**Data section:**
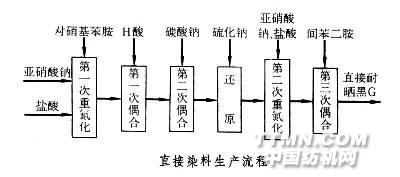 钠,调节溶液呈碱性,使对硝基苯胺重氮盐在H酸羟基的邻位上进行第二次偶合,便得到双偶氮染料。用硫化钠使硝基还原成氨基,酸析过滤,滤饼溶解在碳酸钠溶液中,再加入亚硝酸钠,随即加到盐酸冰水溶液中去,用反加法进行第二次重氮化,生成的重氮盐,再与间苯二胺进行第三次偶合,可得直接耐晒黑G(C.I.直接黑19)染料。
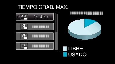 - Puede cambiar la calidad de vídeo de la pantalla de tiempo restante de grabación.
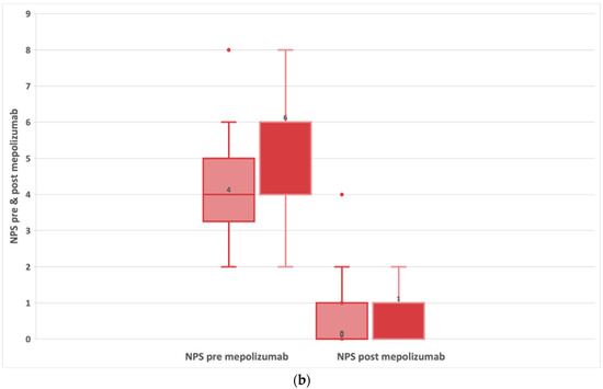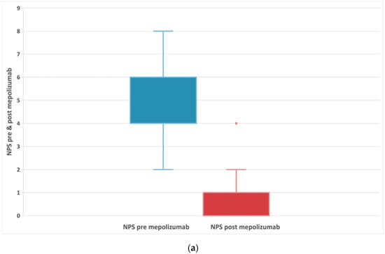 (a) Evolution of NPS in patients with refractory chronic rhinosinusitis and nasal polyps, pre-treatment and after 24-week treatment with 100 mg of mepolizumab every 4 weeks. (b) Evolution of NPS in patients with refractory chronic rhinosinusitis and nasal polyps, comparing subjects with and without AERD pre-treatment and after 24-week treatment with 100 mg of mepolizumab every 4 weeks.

**What you need to do:** Retype everything in the material word for word, minus pictures.

**Written reply:**
 钠,调节溶液呈碱性,使对硝基苯胺重氮盐在H酸羟基的邻位上进行第二次偶合,便得到双偶氮染料。用硫化钠使硝基还原成氨基,酸析过滤,滤饼溶解在碳酸钠溶液中,再加入亚硝酸钠,随即加到盐酸冰水溶液中去,用反加法进行第二次重氮化,生成的重氮盐,再与间苯二胺进行第三次偶合,可得直接耐晒黑G(C.I.直接黑19)染料。
 - Puede cambiar la calidad de vídeo de la pantalla de tiempo restante de grabación.
 (a) Evolution of NPS in patients with refractory chronic rhinosinusitis and nasal polyps, pre-treatment and after 24-week treatment with 100 mg of mepolizumab every 4 weeks. (b) Evolution of NPS in patients with refractory chronic rhinosinusitis and nasal polyps, comparing subjects with and without AERD pre-treatment and after 24-week treatment with 100 mg of mepolizumab every 4 weeks.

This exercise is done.